The input Block Start

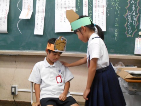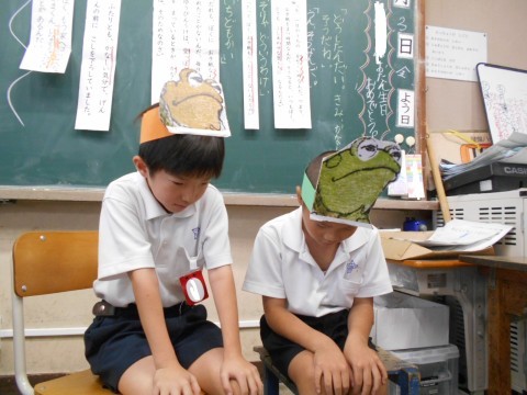 国語「お手紙」の動作化(場面の一部の劇)をしてがまくんとかえるくんの気持ちを考えました。照れながらも,なりきって表現できる児童でした。
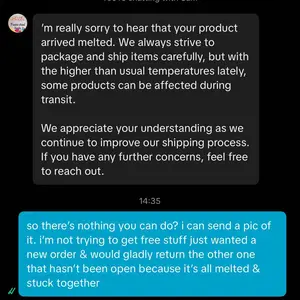 i tried to talk to someone & stated the candy was melted (not their fault i know. i live in az & it’s hot outside) i did get the package right when i got the notification it was here. when i opened it, it was melted. i messaged them & they basically just said the temp outside but didn’t offer to make it better. i stated it’s unopened & would send a pic & would gladly send it back because im not trying to get free stuff. i would return it back just to get a new one to exchange but instead they open my message & not reply. would have been a returning customer if this experience was better.
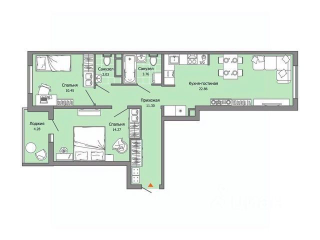 ЖК ЭЛЕМЕНТ Уютная квартира с функциональной планировкой и просторной лоджией Квартира сдается в базовой отделке: готова стяжка пола и установлены счетчики, лоджии остеклены и заведен кабель для подключения интернета. Качественные металлические входные двери с надежной фурнитурой. Дополнительно вы можете выбрать любой вид отделки от застройщика — "whitе bох" или "whitе bох PRO" с полностью готовым санузлом, а также "под ключ" в стиле Утро или Вечер. Все подъезды оборудованы колясочными и бесшумными лифтами. Безбарьерная среда и лифт с нулевой отметки — идеально для перевозки велосипедов и колясок. - дизайнерские холлы с прозрачными входными группами - семейный подъезд с тремя просторными квартирами на площадке - освещение от датчиков движения. Двор с изюминкой Вертикальная детская площадка с полимерным покрытием, многоуровневое озеленение, мягкое освещение, беседка с чайной зоной для отдыха. Закрытая территория! Все рядом 44-я и 59-я гимназии, 42 и 22 школы 3 детских сада и детская поликлиника школа искусств и 2 спорткомплекса парк культуры имени 40-летия ВЛКСМ супермаркеты "Магнит" и "Пятерочка". Данная квартира располагается на 8-м этаже в 3-м подъезде. Купить 2-комнатную квартиру в новостройке с большой кухней в Ульяновске.
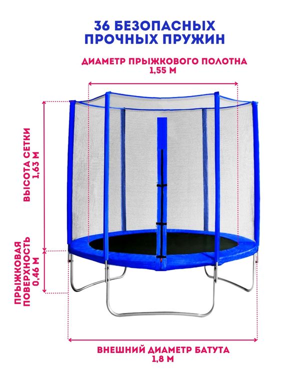 Внешний диаметр батута 1,8 м, в нем используется 36 пружин, выполненных из высококачественной углеродистой стали, что позволяет увеличить срок службы батута защищая от износа. Пружины закрыты износостойким защитным матом, сделанного из специального материала стойкого к истиранию. Прыжковое полотно выполнено из перматрона – это эластичный, прочный материал устойчивый воздействию ультрафиолета, воды и температуры. При этом абсолютно безопасный и экологически чистый материал, перемещаться по которому очень комфортно.
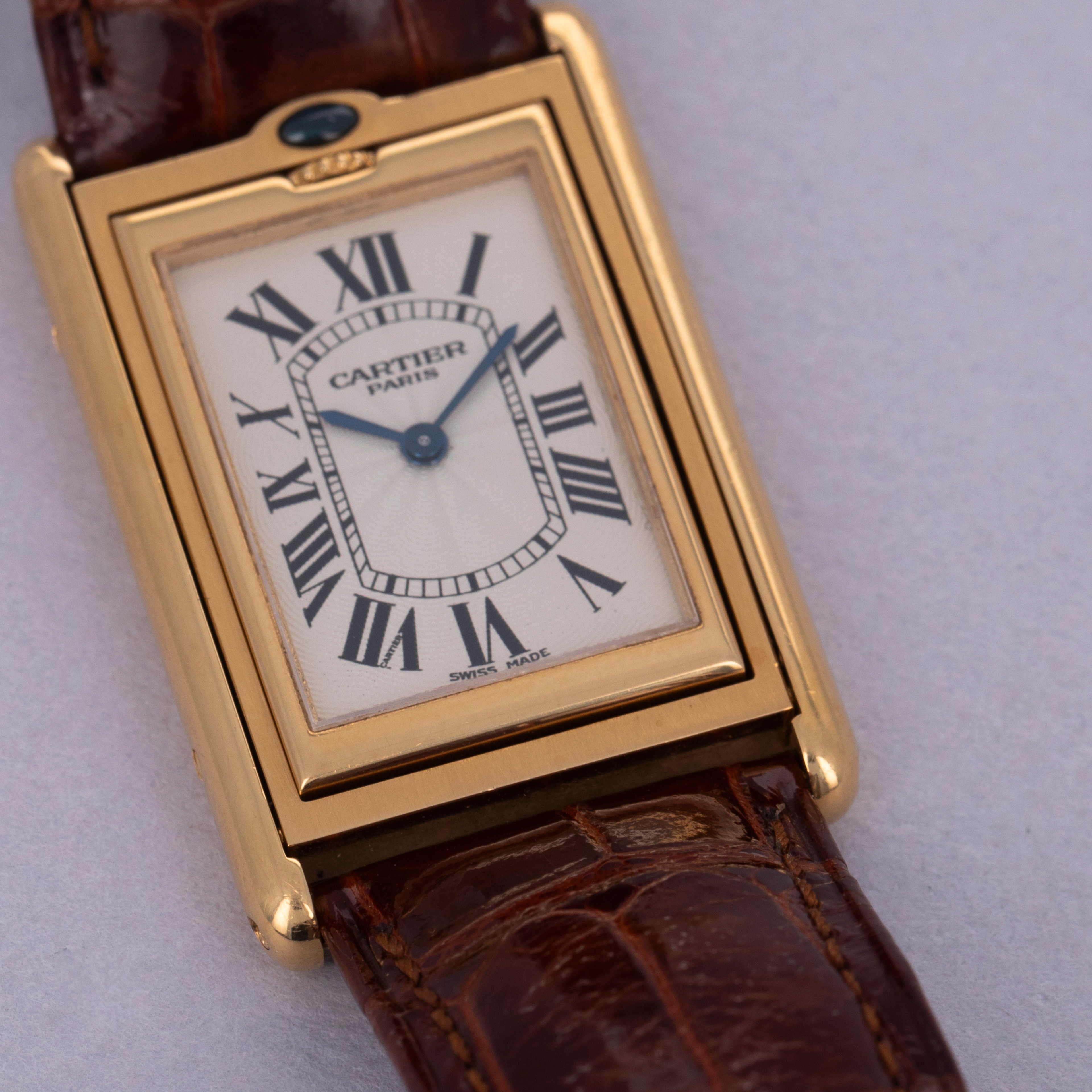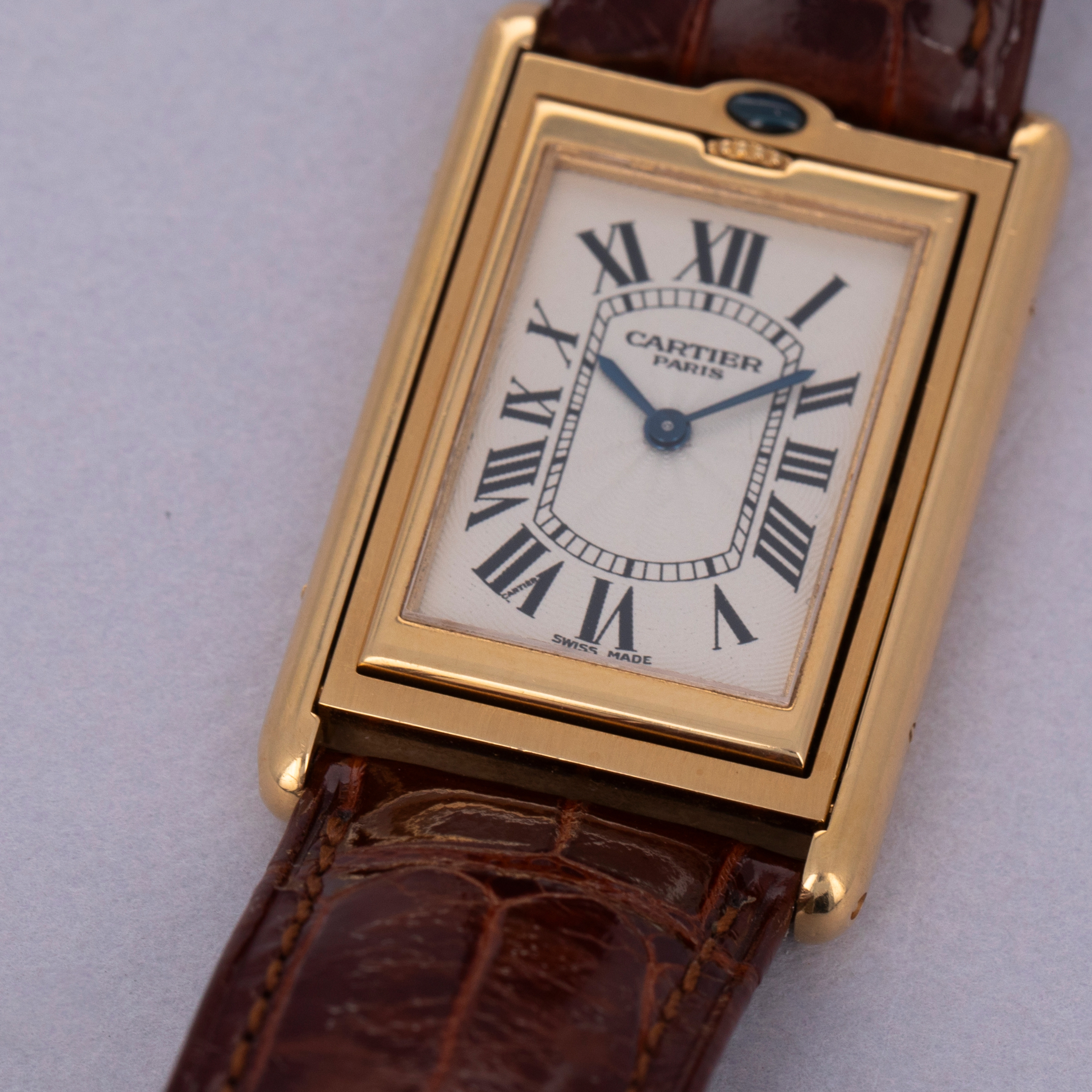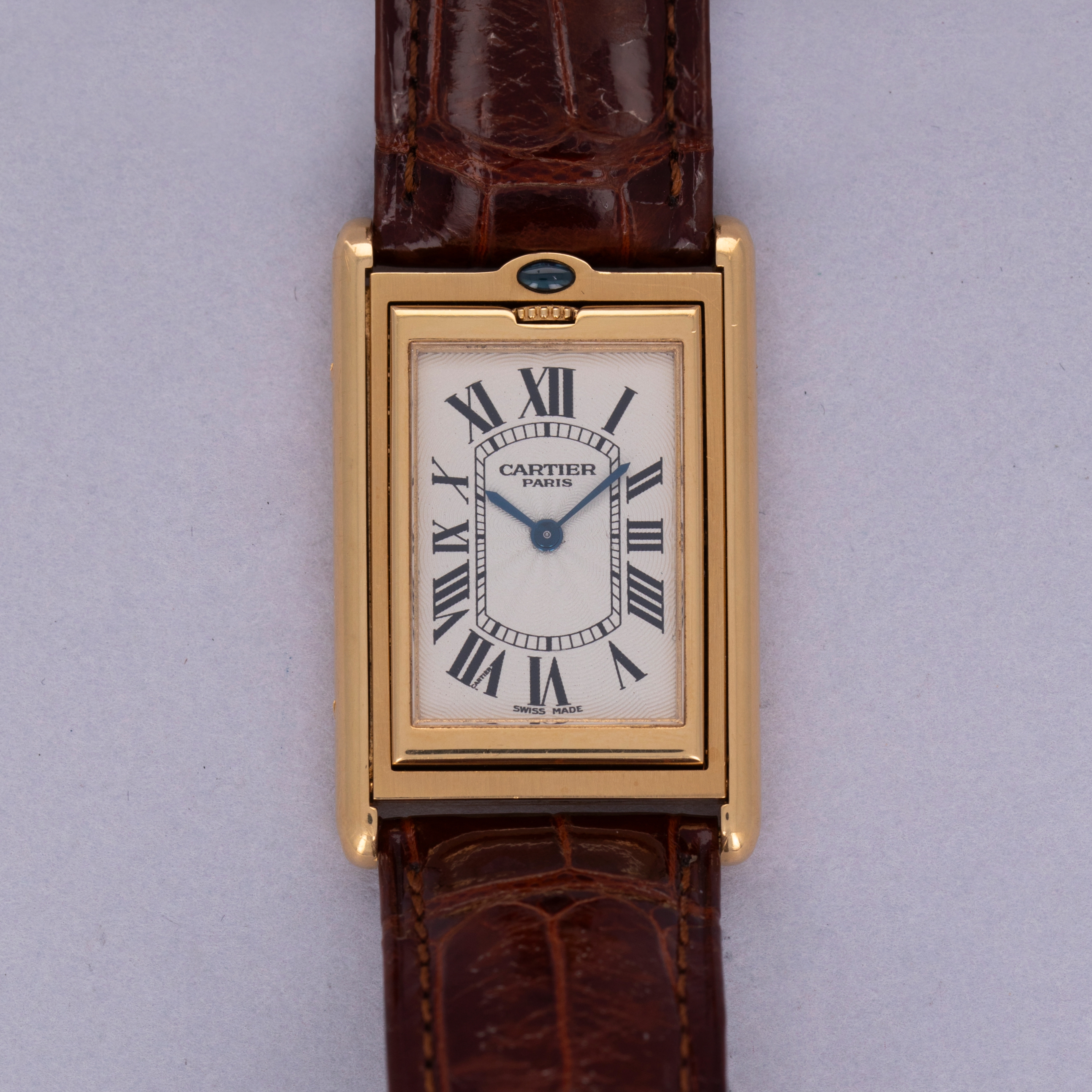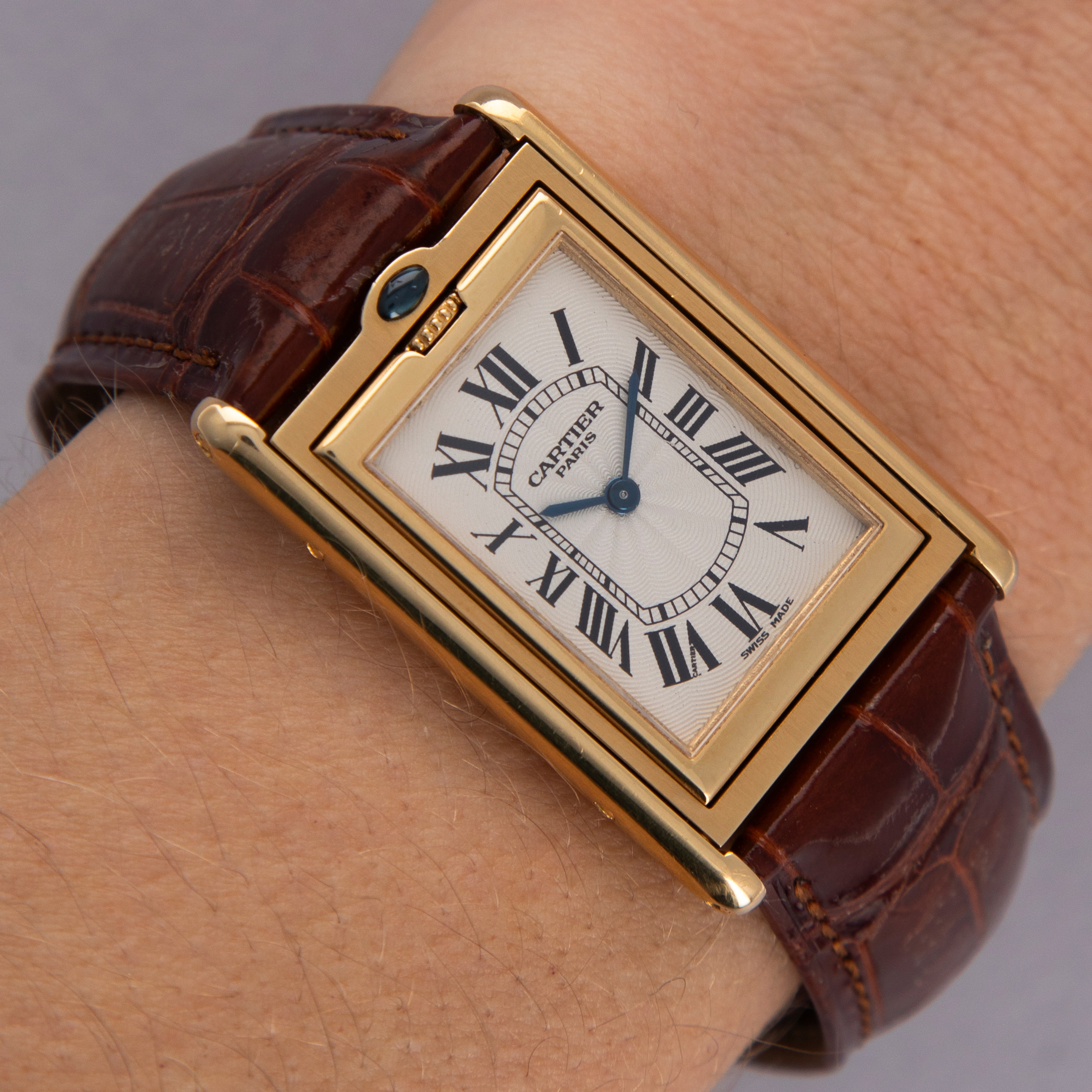 An incredibly iconic timepiece, the Cartier Tank features one of the most easily recognizable watch designs of all time. With its thin rectangle-shaped case and elegant dial, it remains as classical a timepiece today as when it was first released in 1917. Inspired by the Renault FT-17 Tank, the Cartier Tank is, somewhat ironically, a dress watch. Recognizing the need for a more robust variant, Cartier released the Tank Basculante. Launched in 1933, Cartier took inspiration from the JLC Reverso, another classically styled early sports watch that would rotate within its case, to create the Tank Basculante, a watch that would also turn in its case. As such, the Basculante rotates vertically along the 12 to 6 axis within its case to protect its dial from damage caused during sports, and enabling it to double as a table clock if you so wished. With its historical place amongst Cartier’s catalogue, Cartier decided to re-issue the Basculante in 1999 as part of their CPCP collection, with the ref. 2391 example that we have here belonging to that limited edition release of 365 pieces. Measuring 38mm x 26mm and featuring a stunning silver guilloche dial, this timepiece celebrates Cartier at their very best.
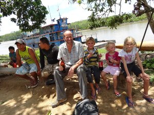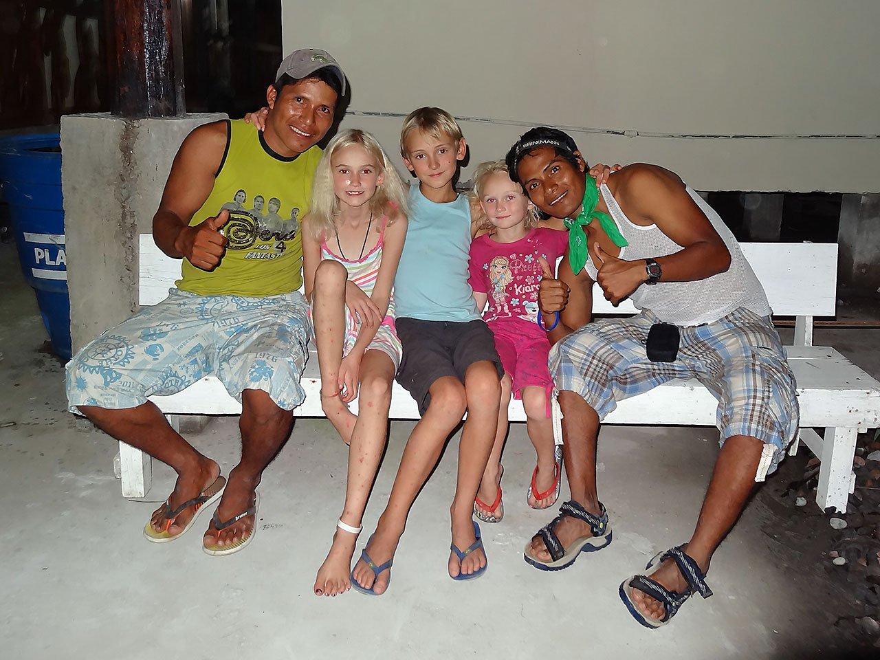 Bizarrely the man at the passport office is the same man from Santa Rosa at the tri-border point where we left Brazil via Columbia. He’s been transferred and has gotten here before us by speed boat. He recognises the family and stamps the kids arms again like he did when we arrived in Peru.
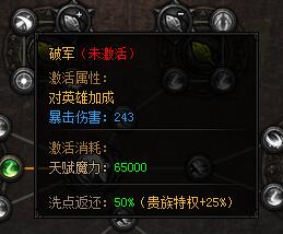 破军。激活属性:对英雄加成:暴击伤害:243,激活消耗:天赋魔力:65000,洗点返还:50%(贵族特权+25%)。

The input Block End

## The task
Output everything in the records above word for word, but not the pictures.

## Output
 国語「お手紙」の動作化(場面の一部の劇)をしてがまくんとかえるくんの気持ちを考えました。照れながらも,なりきって表現できる児童でした。
 i tried to talk to someone & stated the candy was melted (not their fault i know. i live in az & it’s hot outside) i did get the package right when i got the notification it was here. when i opened it, it was melted. i messaged them & they basically just said the temp outside but didn’t offer to make it better. i stated it’s unopened & would send a pic & would gladly send it back because im not trying to get free stuff. i would return it back just to get a new one to exchange but instead they open my message & not reply. would have been a returning customer if this experience was better.
 ЖК ЭЛЕМЕНТ Уютная квартира с функциональной планировкой и просторной лоджией Квартира сдается в базовой отделке: готова стяжка пола и установлены счетчики, лоджии остеклены и заведен кабель для подключения интернета. Качественные металлические входные двери с надежной фурнитурой. Дополнительно вы можете выбрать любой вид отделки от застройщика — "whitе bох" или "whitе bох PRO" с полностью готовым санузлом, а также "под ключ" в стиле Утро или Вечер. Все подъезды оборудованы колясочными и бесшумными лифтами. Безбарьерная среда и лифт с нулевой отметки — идеально для перевозки велосипедов и колясок. - дизайнерские холлы с прозрачными входными группами - семейный подъезд с тремя просторными квартирами на площадке - освещение от датчиков движения. Двор с изюминкой Вертикальная детская площадка с полимерным покрытием, многоуровневое озеленение, мягкое освещение, беседка с чайной зоной для отдыха. Закрытая территория! Все рядом 44-я и 59-я гимназии, 42 и 22 школы 3 детских сада и детская поликлиника школа искусств и 2 спорткомплекса парк культуры имени 40-летия ВЛКСМ супермаркеты "Магнит" и "Пятерочка". Данная квартира располагается на 8-м этаже в 3-м подъезде. Купить 2-комнатную квартиру в новостройке с большой кухней в Ульяновске.
 Внешний диаметр батута 1,8 м, в нем используется 36 пружин, выполненных из высококачественной углеродистой стали, что позволяет увеличить срок службы батута защищая от износа. Пружины закрыты износостойким защитным матом, сделанного из специального материала стойкого к истиранию. Прыжковое полотно выполнено из перматрона – это эластичный, прочный материал устойчивый воздействию ультрафиолета, воды и температуры. При этом абсолютно безопасный и экологически чистый материал, перемещаться по которому очень комфортно.
 An incredibly iconic timepiece, the Cartier Tank features one of the most easily recognizable watch designs of all time. With its thin rectangle-shaped case and elegant dial, it remains as classical a timepiece today as when it was first released in 1917. Inspired by the Renault FT-17 Tank, the Cartier Tank is, somewhat ironically, a dress watch. Recognizing the need for a more robust variant, Cartier released the Tank Basculante. Launched in 1933, Cartier took inspiration from the JLC Reverso, another classically styled early sports watch that would rotate within its case, to create the Tank Basculante, a watch that would also turn in its case. As such, the Basculante rotates vertically along the 12 to 6 axis within its case to protect its dial from damage caused during sports, and enabling it to double as a table clock if you so wished. With its historical place amongst Cartier’s catalogue, Cartier decided to re-issue the Basculante in 1999 as part of their CPCP collection, with the ref. 2391 example that we have here belonging to that limited edition release of 365 pieces. Measuring 38mm x 26mm and featuring a stunning silver guilloche dial, this timepiece celebrates Cartier at their very best.
 Bizarrely the man at the passport office is the same man from Santa Rosa at the tri-border point where we left Brazil via Columbia. He’s been transferred and has gotten here before us by speed boat. He recognises the family and stamps the kids arms again like he did when we arrived in Peru.
 破军。激活属性:对英雄加成:暴击伤害:243,激活消耗:天赋魔力:65000,洗点返还:50%(贵族特权+25%)。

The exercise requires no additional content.